No More K-means:Single-Stage Sparse Coding for Efficient Multi-Vector Retrieval
Abstract Overview
This paper proposes Single-stage Sparse Retrieval (SSR), a multi-vector retrieval framework that replaces clustering-based dense indexing with sparse coding via sparse autoencoders. Instead of compressing token embeddings into low-dimensional dense vectors, SSR maps them into high-dimensional but highly sparse representations, allowing retrieval through neuron-level inverted indexes and sparse late interaction scoring. The method includes token-only and token-plus-[CLS] variants, as well as an accelerated SSR++ pipeline that uses coarse-to-fine pruning to reduce latency. Experiments on MS MARCO, BEIR, LoTTE, long-document ranking, and LLM-based backbones evaluate both retrieval effectiveness and system efficiency.
Novelty
The main novelty is a shift in multi-vector retrieval from density-based approximation with K-means clustering to single-stage sparse coding with inverted indexing. The paper also combines sparse autoencoding with retrieval-oriented contrastive objectives so that the sparse representations remain both reconstructive and discriminative for ranking.
Results
On the controlled BEIR evaluation, SSR-CLS achieves the best average nDCG@10 of 53.4, exceeding Splade-v3 (51.2) and PLAID (49.3), while SSR-tok reaches 17.5 ms retrieval latency and still outperforms the compared baselines in average effectiveness. The indexing pipeline is reported to be over 15x faster than ColBERTv2, and SSR shows strong robustness across settings including 9 of 13 BEIR datasets, LoTTE long-tail retrieval, long-document ranking, and Llama-embed-8B backbones.
Key Points
- SSR replaces K-means-based clustering in multi-vector retrieval with sparse autoencoder projections and neuron-level inverted indexing.

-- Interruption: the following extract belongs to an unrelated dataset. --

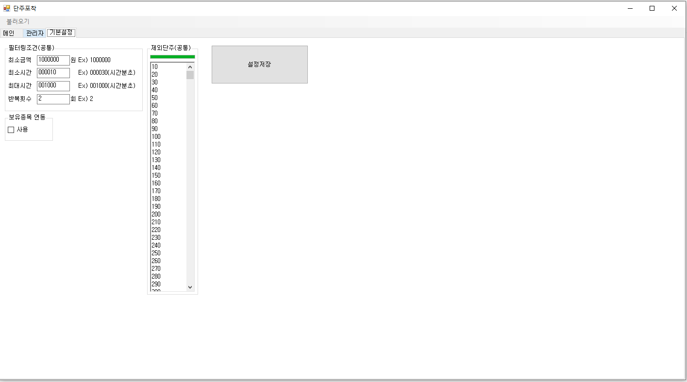 2번 항목은 기본 설정에서 제외단주로 지정된 단주, 최소금액이상 단주, 최소시간 이하, 최대시간 이상 단주들에 대해 포착하여 정리합니다.
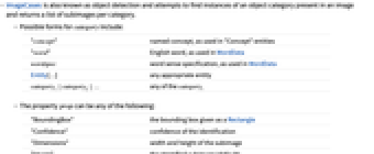 - ImageCases is also known as object detection and attempts to find instances of an object category present in an image and returns a list of subimages per category.

- The method improves the effectiveness-efficiency trade-off, reporting sub-20 ms retrieval and more than 15x faster indexing than clustering-based dense MVR systems.
- The empirical study covers standard benchmarks, long-tail and long-document settings, and frozen LLM backbones, suggesting the approach generalizes beyond a narrow controlled setup.